Speaking of teams flushed with money

Speaking of teams flushed with money

Joined: September 7th, 2004, 8:54 pm

September 10th, 2011, 4:05 pm #1

Since the free-spending days of the Kingston Voyageurs, it would seem some of the forum faithful have expended a fair amount of energy pointing disapprovingly at teams who spend money on players.

Excuse me? Isn't showcasing your players and sending them on an expensive preseason tournament to prepare them for the coming season still spending money on players?

I recently read that it cost about two thousand dollars to enter your team in the Vermont U.S.A. Woodchuck Classic preseason tournament.

That is only for starters.

Anybody know what the total payout would be? Travel, accomodation and feeding those hungry teenagers wouldn't be cheap. This in addition to the two thousand dollar cost of entering the team as a registration fee.

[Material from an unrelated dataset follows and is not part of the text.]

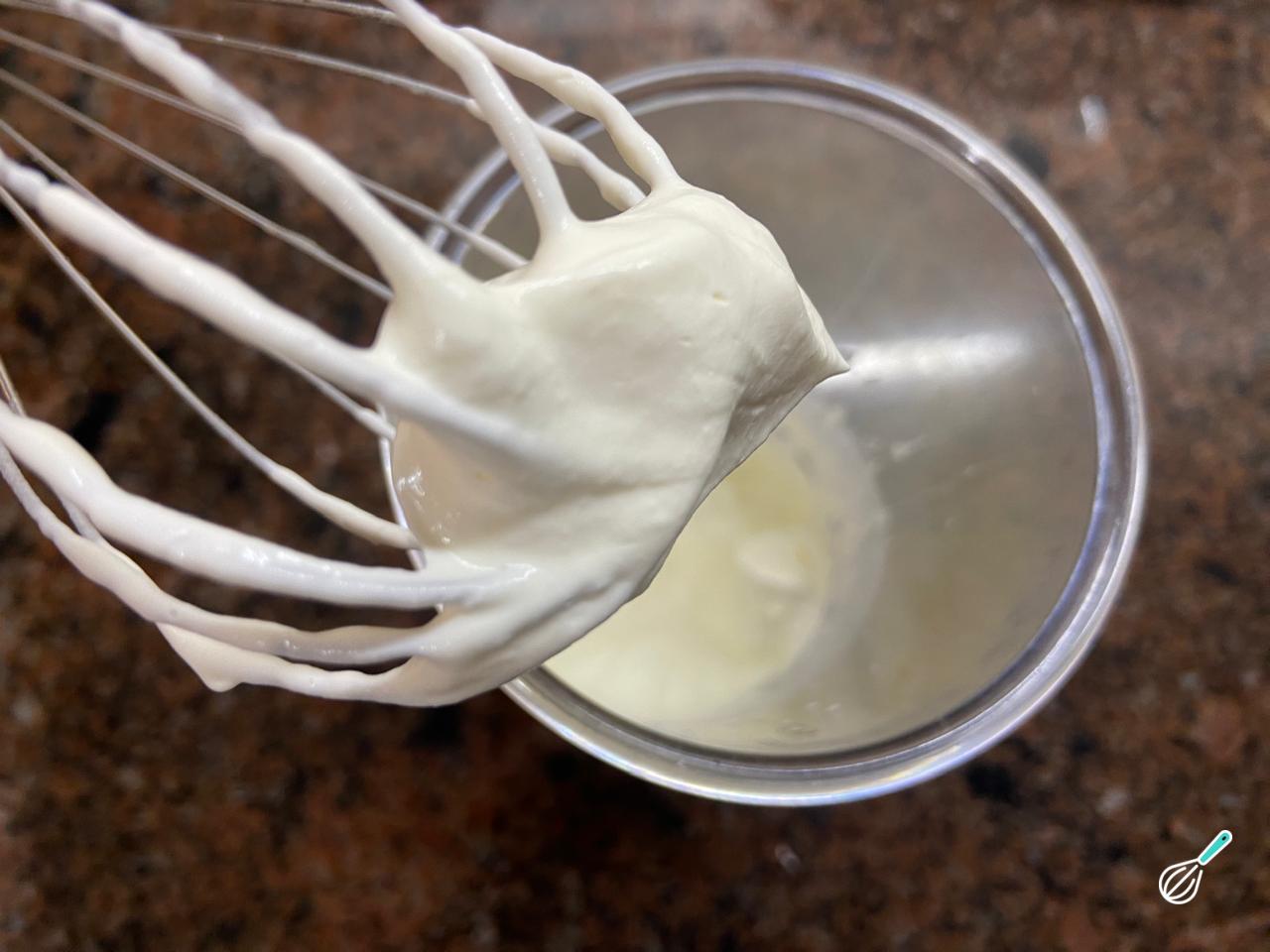 Dica: Para que o creme cresça melhor, ele deve estar bem frio. Lembre-se de que os cremes com mais de 30 ou 35% de gordura são usados para confeitaria, ou seja, não use os cremes mais leves que são vendidos para cozinhar.

It would seem the OJHL's Wellington Dukes, Trenton Golden Hawks, Lindsay Muskies, Vaughan Vipers and Aurora Tigers are among the well healed clients of the Woodchuck Classic this year.

So the issue is not about spending money but on what you spend it that makes it right in the eyes of some.

Face it folks. The business of hockey is not cheap and there will always be those teams with more resources than others.

And there will always be a debate on what to spend those resources on.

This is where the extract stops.